◆ **PROMPT**
Would you please give every entry again exactly, without the pictures?
---------------
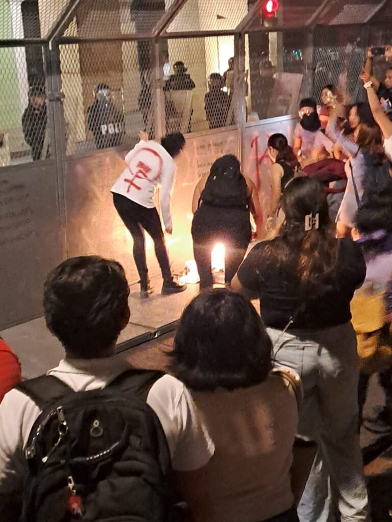 Y es que, como indicamos antes, a los actos vandálicos se sumaron varones, quienes con tubos metálicos rompieron una de las vallas en Plaza Grande y realizaron pintas y quemas en el Palacio Municipal de Mérida, acciones que continuaron hasta casi la medianoche.
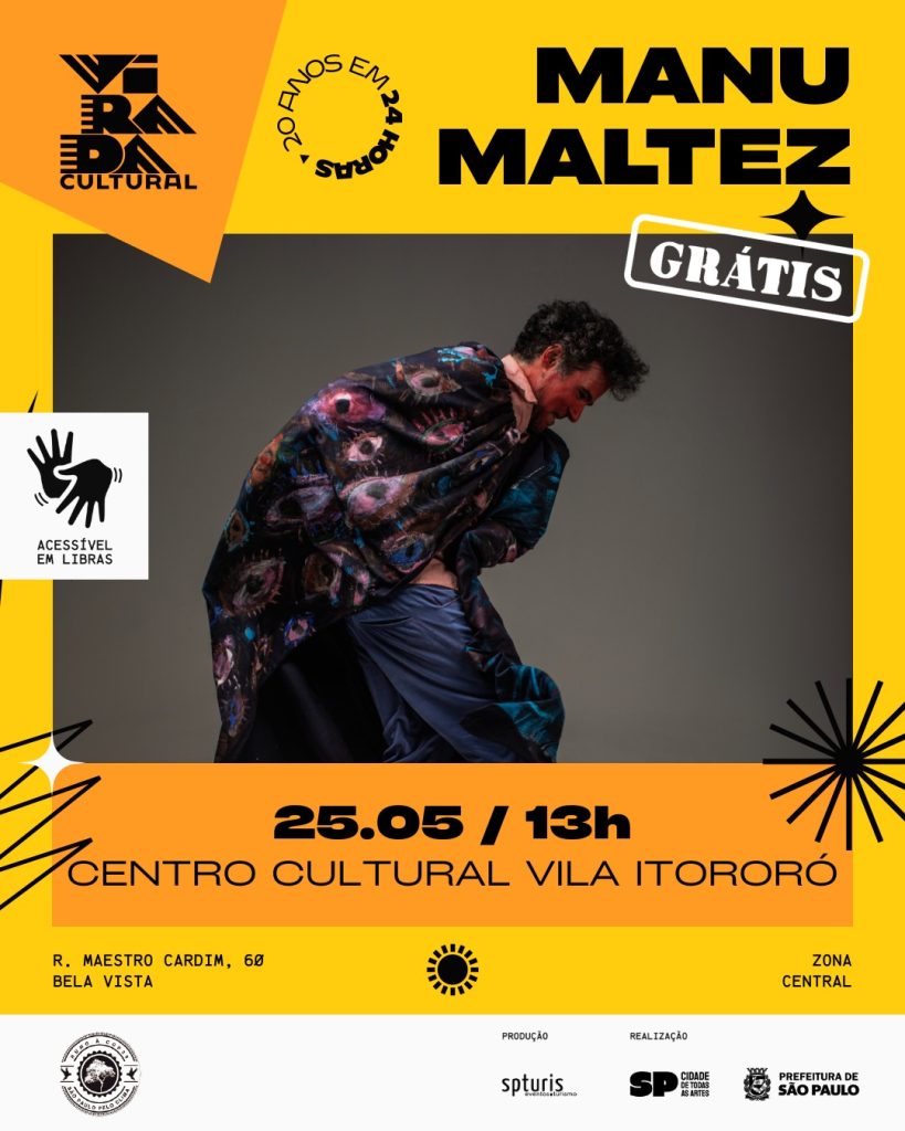Manu Maltez celebra 25 anos de carreira, com o seu quinto álbum intitulado “Madrugada Até o Fim”. A madrugada, espaço de tempo depois da meia noite até a alvorada, aparece nessa obra mais como um estado filosófico, mítico, ou ainda “um outro estado da matéria”. Como diz Manu em uma das canções do disco: Madrugada pousou na minha mão/ e fez o seu maremoto/ balé de lua e de cão. O artista sobe ao palco acompanhado dos músicos Bruno Prado, Thaís Nicodemo e Elisa Gudin.
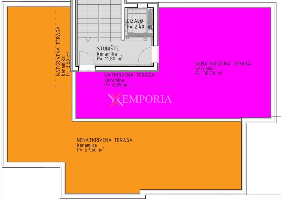 Apartman je smješten na drugom katu moderne zgrade s liftom, koji ide od podruma sve do krovnih terasa. Raspored prostorija obuhvaća hodnik, dvije spavaće sobe, kupaonicu te kuhinju s blagovaonicom i dnevnim boravkom s izlazom na natkrivenu terasu. Neto površina stambenog dijela s terasom iznosi 58,30 m². Iz stubišta se pristupa krovnoj terasi površine 45,15 m², od čega je 6,85 m² natkriveno, što pruža dodatni komfor i prostor za boravak na otvorenom. Neto korisna površina opisanih prostorija iznosi 71,31 m².
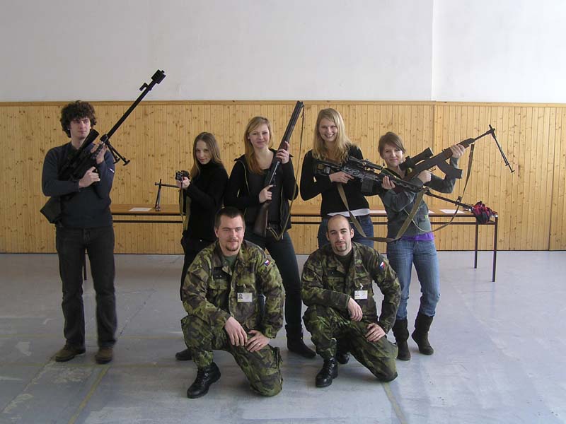 Poté si studenti během statické ukázky prohlédli techniku a materiál chemického vojska používané k radiačnímu a chemickému průzkumu a dekontaminaci. Měli také možnost vyzkoušet si oblékání a činnost v ochranných maskách a protichemických oděvech a manipulovat s ručními zbraněmi, které mají chemici ve výzbroji.
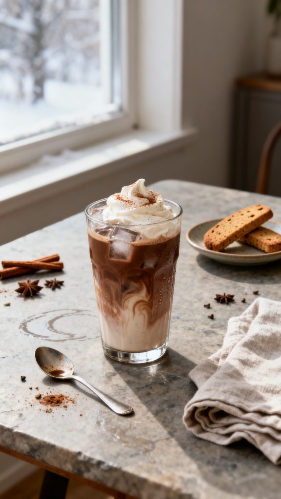 This iced coffee drink for Christmas balances familiar warmth with a lighter finish. Chocolate adds depth, cinnamon brings subtle spice, and coffee keeps everything grounded.
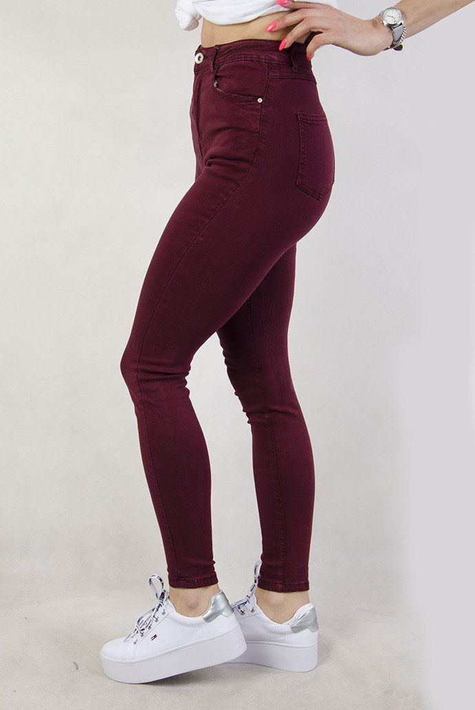 (DUŻE ROZMIARY M-XXXXL) Bordowe spodnie z wysokim stanem
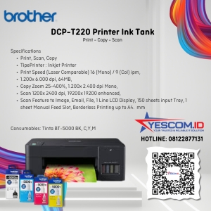 Printer Brother DCP-T220 Ink Tank Multi-function Printer – NEW SERIES Basic Specs : FUNCTIONS : Print,Scan,Copy PRINTER TYPE : Ink Tank Printer PRODUCT DIMENSIONS (WIDTH X DEPTH X HEIGHT) : 435 mm x 359 mm x 159 mm PRINT SPEED : 16 (Mono) / 9 (Col) ipm FPOT: 6.5 (Mono) / 10 (Col) seconds PAPER…
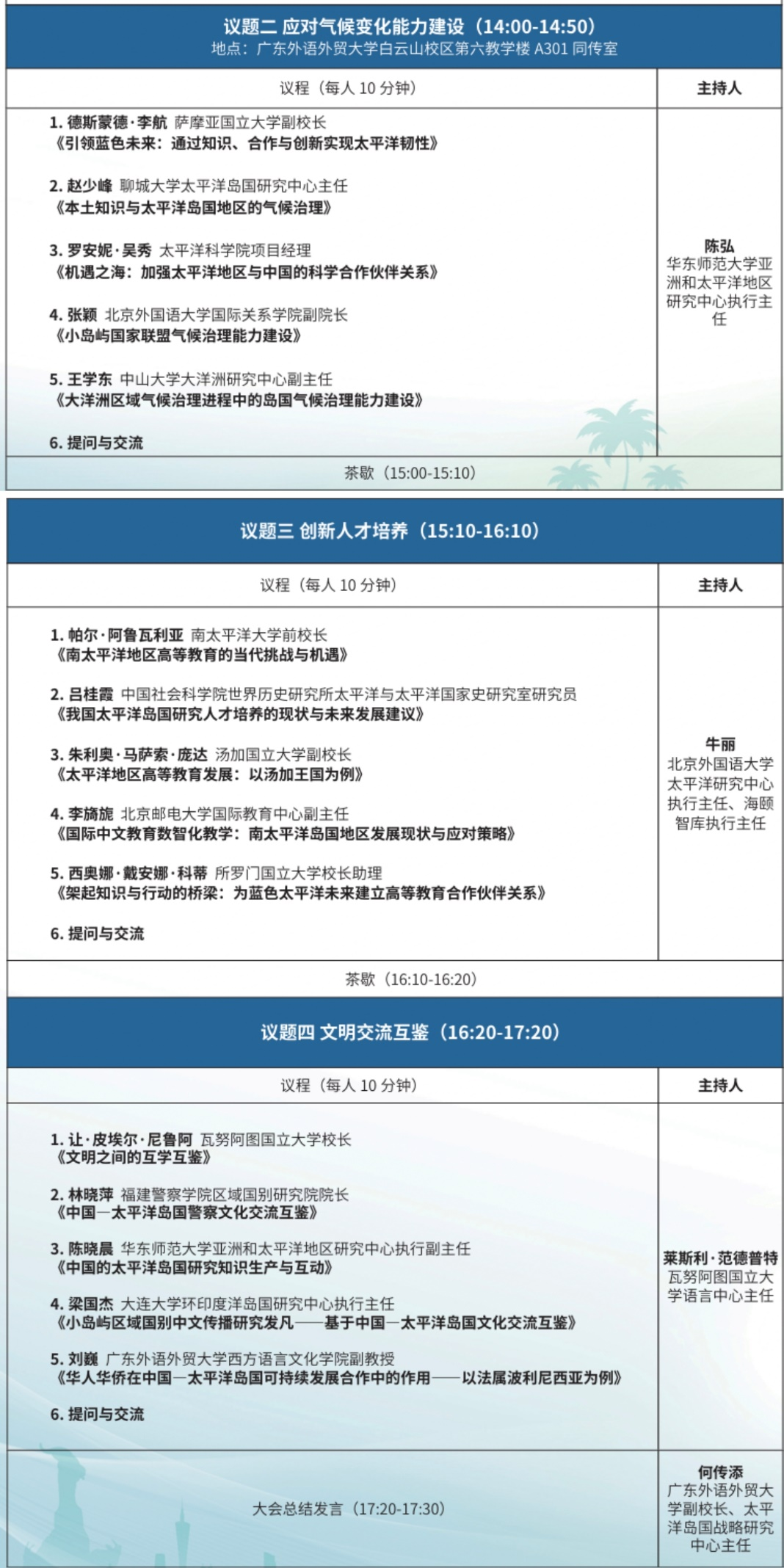 此次论坛聚焦“蓝色产业创新协同”“应对气候变化能力建设”“创新人才培养”“文明交流互鉴”四大议题展开交流研讨,以思想的碰撞点燃合作火花,为推动中国与太平洋岛国可持续发展合作建言献策,为深化中国与太平洋岛国友谊献上祝福。
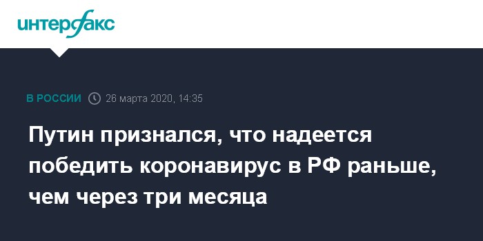 Москва. 26 марта. INTERFAX.RU - Президент РФ Владимир Путин высказал надежду, что Россия может справиться с коронавирусной инфекцией раньше, чем через три месяца.
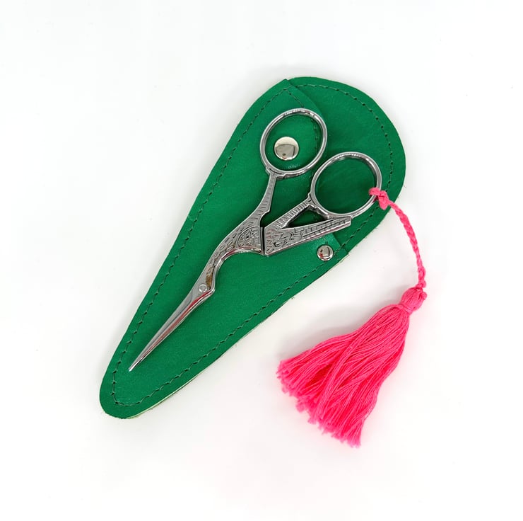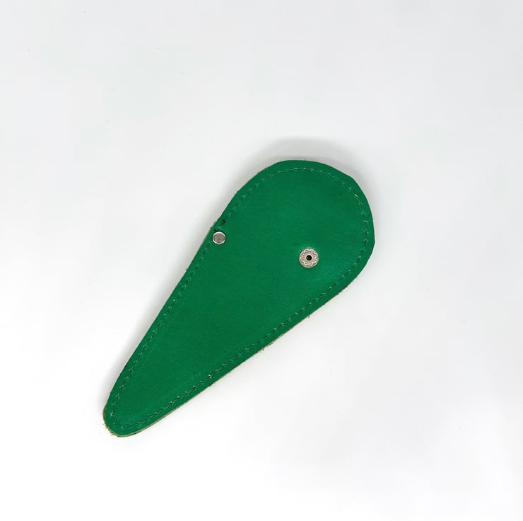 This green real leather scissor case has been especially made to hold embroidery scissors and other small scissors. The soft leather will keep your scissors safe and protected. Perfect for scissors no larger than 11.5 cms long.
---------------
◆ **EXERCISE ANSWER**
 Y es que, como indicamos antes, a los actos vandálicos se sumaron varones, quienes con tubos metálicos rompieron una de las vallas en Plaza Grande y realizaron pintas y quemas en el Palacio Municipal de Mérida, acciones que continuaron hasta casi la medianoche.
Manu Maltez celebra 25 anos de carreira, com o seu quinto álbum intitulado “Madrugada Até o Fim”. A madrugada, espaço de tempo depois da meia noite até a alvorada, aparece nessa obra mais como um estado filosófico, mítico, ou ainda “um outro estado da matéria”. Como diz Manu em uma das canções do disco: Madrugada pousou na minha mão/ e fez o seu maremoto/ balé de lua e de cão. O artista sobe ao palco acompanhado dos músicos Bruno Prado, Thaís Nicodemo e Elisa Gudin.
 Apartman je smješten na drugom katu moderne zgrade s liftom, koji ide od podruma sve do krovnih terasa. Raspored prostorija obuhvaća hodnik, dvije spavaće sobe, kupaonicu te kuhinju s blagovaonicom i dnevnim boravkom s izlazom na natkrivenu terasu. Neto površina stambenog dijela s terasom iznosi 58,30 m². Iz stubišta se pristupa krovnoj terasi površine 45,15 m², od čega je 6,85 m² natkriveno, što pruža dodatni komfor i prostor za boravak na otvorenom. Neto korisna površina opisanih prostorija iznosi 71,31 m².
 Poté si studenti během statické ukázky prohlédli techniku a materiál chemického vojska používané k radiačnímu a chemickému průzkumu a dekontaminaci. Měli také možnost vyzkoušet si oblékání a činnost v ochranných maskách a protichemických oděvech a manipulovat s ručními zbraněmi, které mají chemici ve výzbroji.
 This iced coffee drink for Christmas balances familiar warmth with a lighter finish. Chocolate adds depth, cinnamon brings subtle spice, and coffee keeps everything grounded.
 (DUŻE ROZMIARY M-XXXXL) Bordowe spodnie z wysokim stanem
 Printer Brother DCP-T220 Ink Tank Multi-function Printer – NEW SERIES Basic Specs : FUNCTIONS : Print,Scan,Copy PRINTER TYPE : Ink Tank Printer PRODUCT DIMENSIONS (WIDTH X DEPTH X HEIGHT) : 435 mm x 359 mm x 159 mm PRINT SPEED : 16 (Mono) / 9 (Col) ipm FPOT: 6.5 (Mono) / 10 (Col) seconds PAPER…
 此次论坛聚焦“蓝色产业创新协同”“应对气候变化能力建设”“创新人才培养”“文明交流互鉴”四大议题展开交流研讨,以思想的碰撞点燃合作火花,为推动中国与太平洋岛国可持续发展合作建言献策,为深化中国与太平洋岛国友谊献上祝福。
 Москва. 26 марта. INTERFAX.RU - Президент РФ Владимир Путин высказал надежду, что Россия может справиться с коронавирусной инфекцией раньше, чем через три месяца.
 This green real leather scissor case has been especially made to hold embroidery scissors and other small scissors. The soft leather will keep your scissors safe and protected. Perfect for scissors no larger than 11.5 cms long.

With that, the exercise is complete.